Practically everything broke. Nearly all websites I use on a daily basis
didn't work. The frustrating thing is a lot of programs broke as well, usually
because of a single weak link; e.g. Bitcoin failed to bootstrap, Bittorrent
couldn't reach most trackers. etc... however I'd regularly see IPv6 traffic in
Little Snitch so these programs did support IPv6, it's just whatever they use
for bootstrapping didn't.

My experience was a lot of websites/programs have partial support but usually
a key component isn't dual stacked which breaks the whole thing.

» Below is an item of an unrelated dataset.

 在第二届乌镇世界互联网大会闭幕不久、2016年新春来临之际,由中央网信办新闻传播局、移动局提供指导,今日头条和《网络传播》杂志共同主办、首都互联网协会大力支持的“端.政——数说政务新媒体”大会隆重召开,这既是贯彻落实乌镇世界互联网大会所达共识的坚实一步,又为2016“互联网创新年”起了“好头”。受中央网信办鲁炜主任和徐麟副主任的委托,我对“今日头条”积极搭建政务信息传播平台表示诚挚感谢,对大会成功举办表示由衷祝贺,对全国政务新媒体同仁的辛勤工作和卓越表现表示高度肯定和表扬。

For instance, despite the fact my router has built-in IPv6 tunnelling, I can't
manage the admin interface over IPv6.

* Me disabling my IPv6 tunnel wasn't related to this, it was extremely unstable; it dropped at-least once a week which was quite disruptive. If anyone can recommend a tunnel provider other than SixXS, I'll participate on the 6th.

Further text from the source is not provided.